[Records from a data collection]
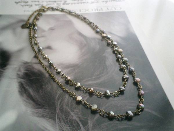 ガールズ・ファッションシリーズです♪ロマンチックグレー気分・・物憂げなグレーでまとめたネックレスです♪パープルグレーの淡水パールは6ミリ位のバロックです♪シンプルで合わせやすいデザインです♪長さは全長96センチ位で調節自由です♪2連にされたりブレスにされても可愛いです♪お揃いのネックレスやブレスレットも出品しています♪♪シンプルで長く着けていただけるデザインを考えて作りました♪ハンドメイドをご理解頂いてノークレーム、ノーリターンでお願いします
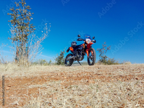 Moto naranja con paisaje de fondo
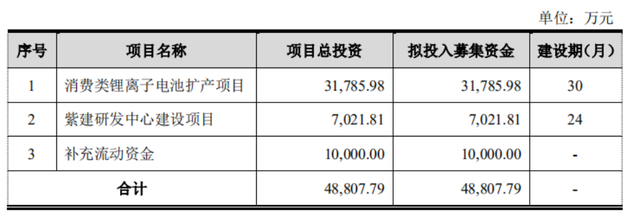 本次募集資金投資的“消費類鋰離子電池擴產(chǎn)項目”是對紫建電子硬殼扣式電池、軟包扣式電池、方形電池等產(chǎn)品的擴產(chǎn),計劃投資31,785.98萬元進行“消費類鋰離子電池擴產(chǎn)項目”項目建設(shè)。
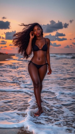 A stunning panoramic shot of a beautiful black-skinned woman with flowing hair, gracefully walking along a beach at sunset, waves gently crashing at her feet, the vibrant sky casting a warm glow over the scene <lora:Ebony_Beauties:1>
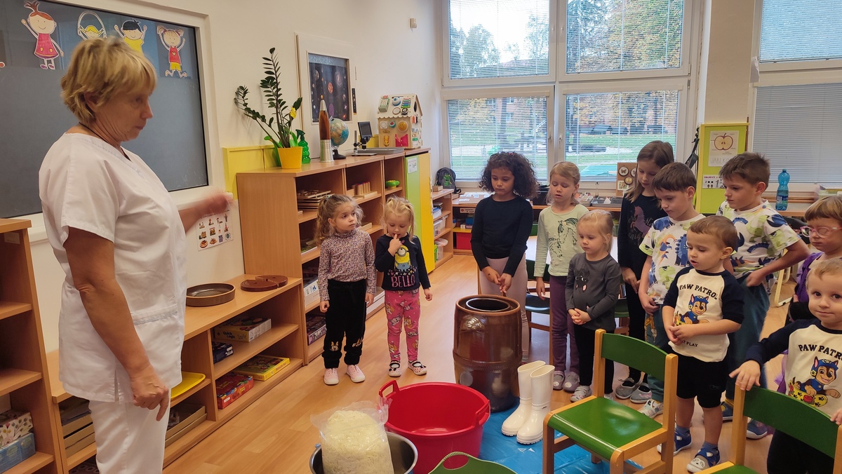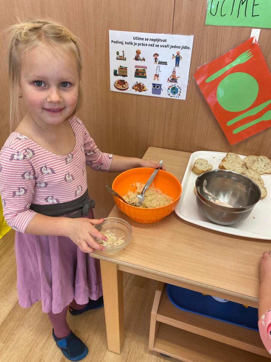 Naše paní kuchařka dětem ukázala, jak se zelí krouhá, vysvětlila postup nakládání a povídala o jeho zdravotních benefitech. Děti tak zjistily, že zelí není jen „obyčejná zelenina“, ale malý zázrak pro zdraví – a ještě se u toho dobře pobavily.
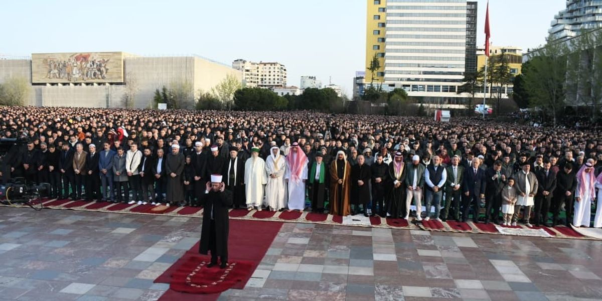 Në Tiranë, besimtarët u falën në “Sheshin Skënderbej”.
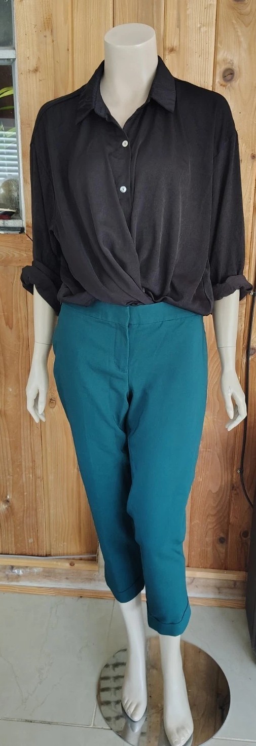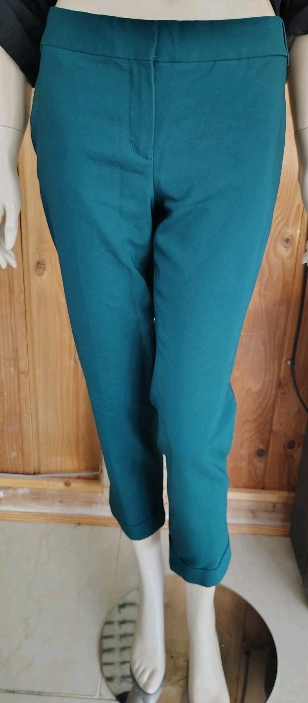 как выглядит EXPRESS EDITOR Size 8 Ankle Length Hem Mid-Rise Green Trousers фото
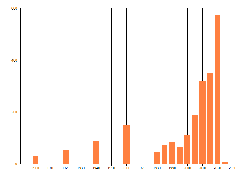 Het aantal atlasblokken (5x5 km) waarin de soort is gemeld binnen een periode van vijf jaar (vanaf 1980) of twintig jaar. Niet gecorrigeerd voor waarnemersinspanning en het aantal doorgegeven waarnemingen kan sterk variëren per periode, dus een trend in verspreiding kan hier niet direct uit worden afgelezen. Het opgegeven jaartal is het eerste jaar van de periode. Bron: gevalideerde waarnemingen uit de NDFF.
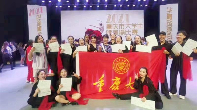 健美操队一路披荆斩棘,过关斩将,最终以优异的战绩夺得2021重庆市大学生啦操和排舞大赛的两个冠军。
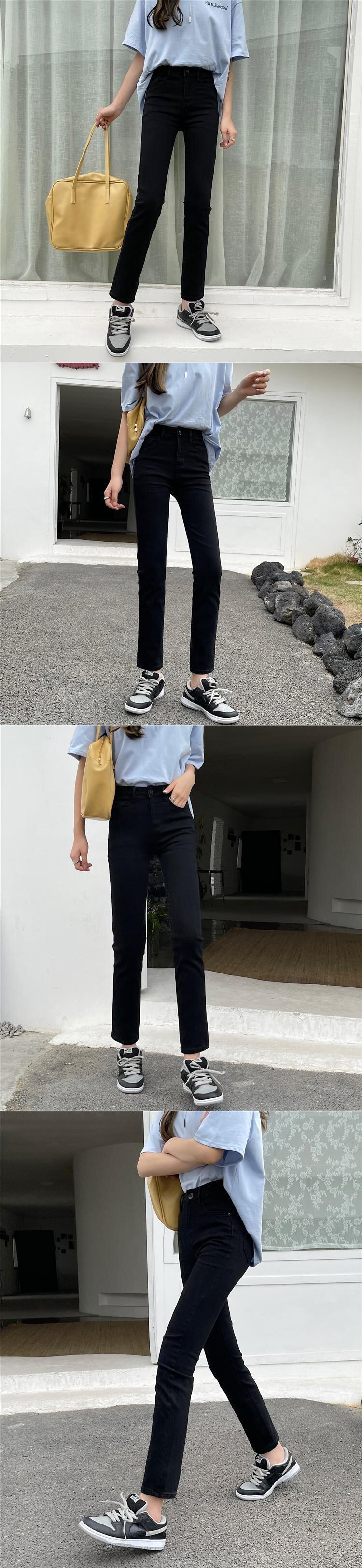 ジーンズ 夏服ハイウェスト薄手パンツ ブラック 夏物 ウエスト SYJ98770229856
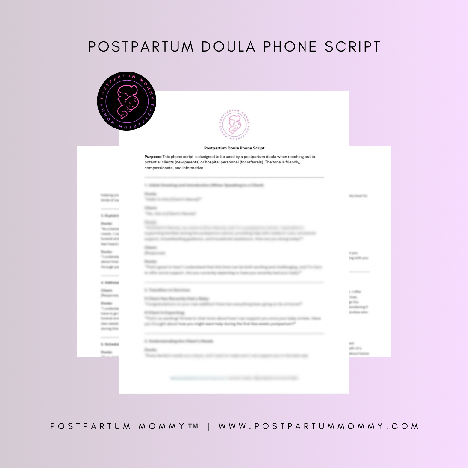 Our Postpartum Doula Phone Script is a comprehensive resource designed specifically for postpartum doulas seeking to connect with clients and build strong, supportive relationships during the crucial postpartum period. Whether you're a new doula just starting your practice or an experienced professional looking to streamline your client acquisition process, this script will help you effectively communicate the value of your services and secure more bookings.
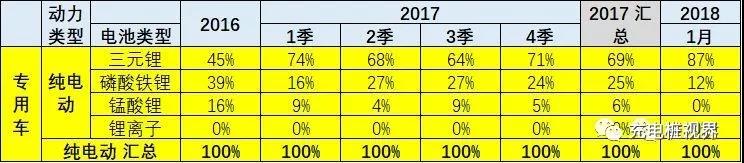 專用車的三元化趨勢很明顯。17年的三元電池的裝車量達到69%的占比,而16年的占比是37%。18年三元提升的趨勢相對是合理的狀態(tài),1月達到87%也是很好的趨勢。
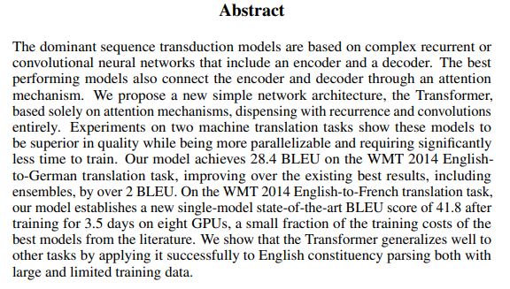 The dominant sequence transduction models are based on complex recurrent or convolutional neural networks that include an encoder and a decoder.
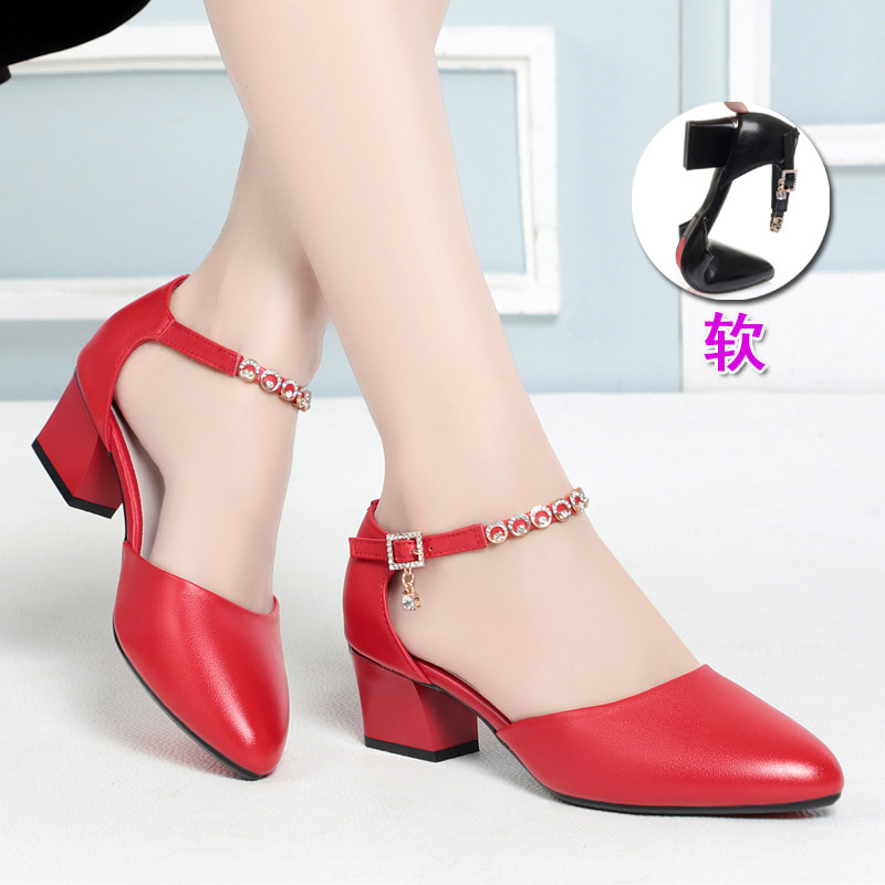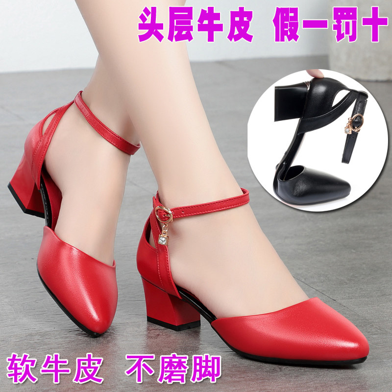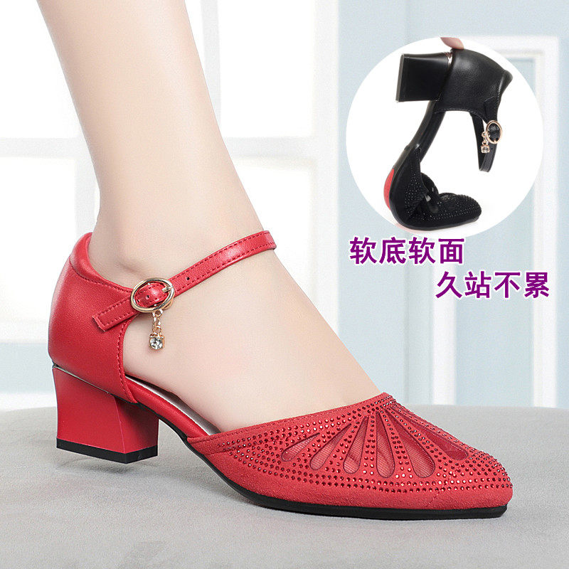 网纱真皮凉鞋新款红色镂空单鞋中跟粗跟妈妈软底跳舞鞋闰月女鞋

*What is required*: The data above holds the lines to copy: start at the one with "Naše paní kuchařka", stop at the one with "как выглядит EXPRESS", include both, copy them exactly without pictures, and copy nothing else.

*Your response*:
 Naše paní kuchařka dětem ukázala, jak se zelí krouhá, vysvětlila postup nakládání a povídala o jeho zdravotních benefitech. Děti tak zjistily, že zelí není jen „obyčejná zelenina“, ale malý zázrak pro zdraví – a ještě se u toho dobře pobavily.
 Në Tiranë, besimtarët u falën në “Sheshin Skënderbej”.
 как выглядит EXPRESS EDITOR Size 8 Ankle Length Hem Mid-Rise Green Trousers фото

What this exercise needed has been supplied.